**Work item**
Take the listing from its first line through the line that contains "з Китаю українців." and please retype those lines exactly, leaving out the pictures.

**Given information**
Content starts

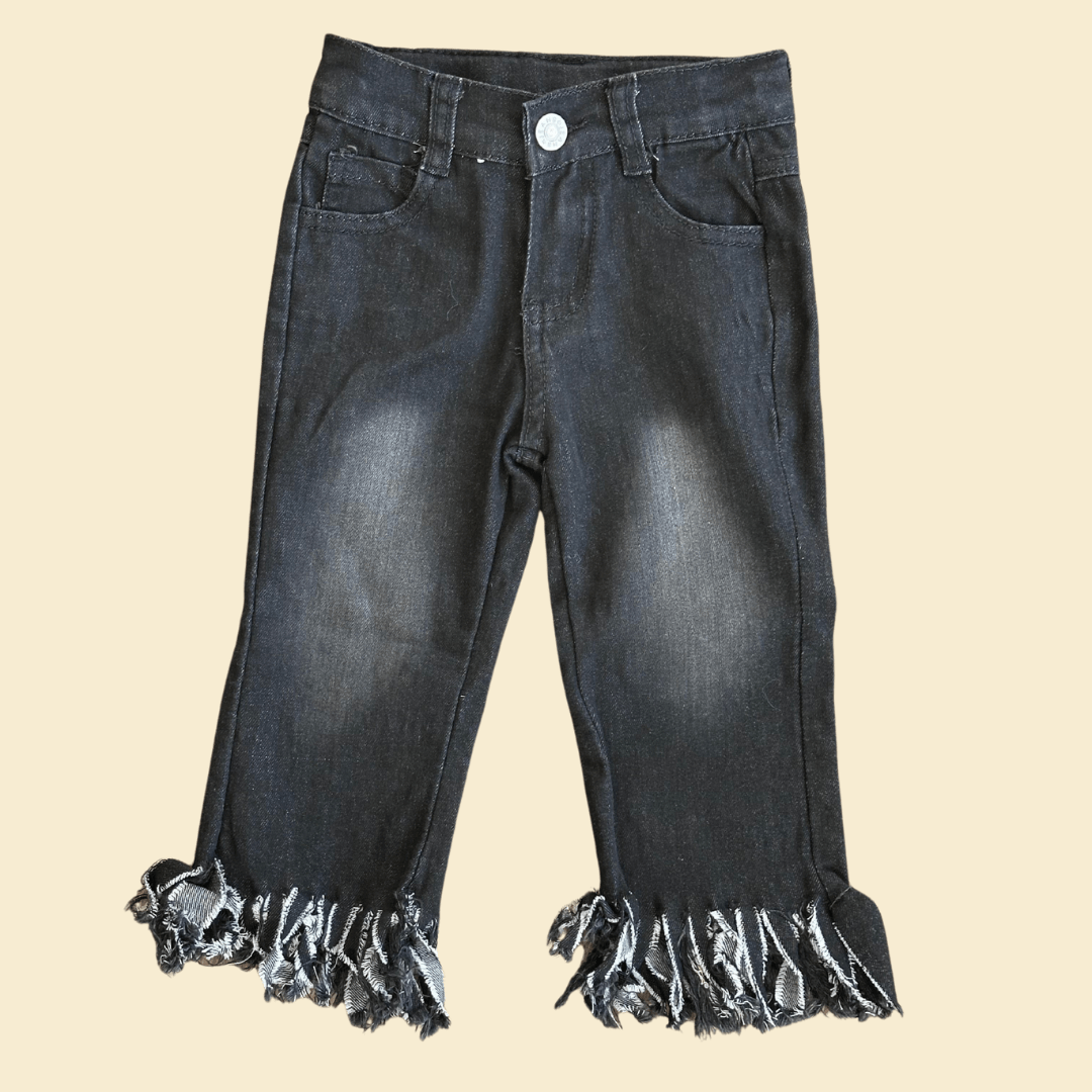 Add a little edge to your cowgirl’s closet with our Black Fringe Jeans! Featuring soft stretch denim and bold black fringe down the legs, these jeans are made for strutting, stomping, and stealing the show. Perfect for rodeo nights, concerts, or everyday sass with a western twist.
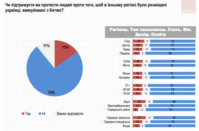 Соціологічна група «Рейтинг» протягом 22-23 лютого опитала 1200 старших за 18 років українців в різних регіонах щодо їх ставлення до протестів проти розміщення евакуйованих з Китаю українців.
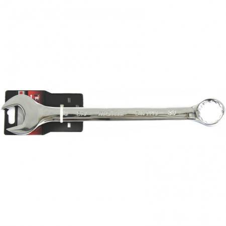 Ключ гаечный комбинированный с открытым и кольцевым зевом предназначен для монтажа (демонтажа) резьбовых соединений. Ключ изготовлен из хромованадиевой стали. Твердость материала рабочей части ключа 45 HRC (требования ГОСТ – 45–51 HRC). Ключ имеет антикоррозионное покрытие из хрома. Профиль кольцевого зева имеет 12 граней, что увеличивает площадь соприкосновения рабочих поверхностей и снижает риск деформации граней крепежа при монтаже. Угол наклона кольцевого зева относительно плоскости ключа в 15 градусов делает монтаж более удобным.

Content ends

**Solution to this problem**
 Add a little edge to your cowgirl’s closet with our Black Fringe Jeans! Featuring soft stretch denim and bold black fringe down the legs, these jeans are made for strutting, stomping, and stealing the show. Perfect for rodeo nights, concerts, or everyday sass with a western twist.
 Соціологічна група «Рейтинг» протягом 22-23 лютого опитала 1200 старших за 18 років українців в різних регіонах щодо їх ставлення до протестів проти розміщення евакуйованих з Китаю українців.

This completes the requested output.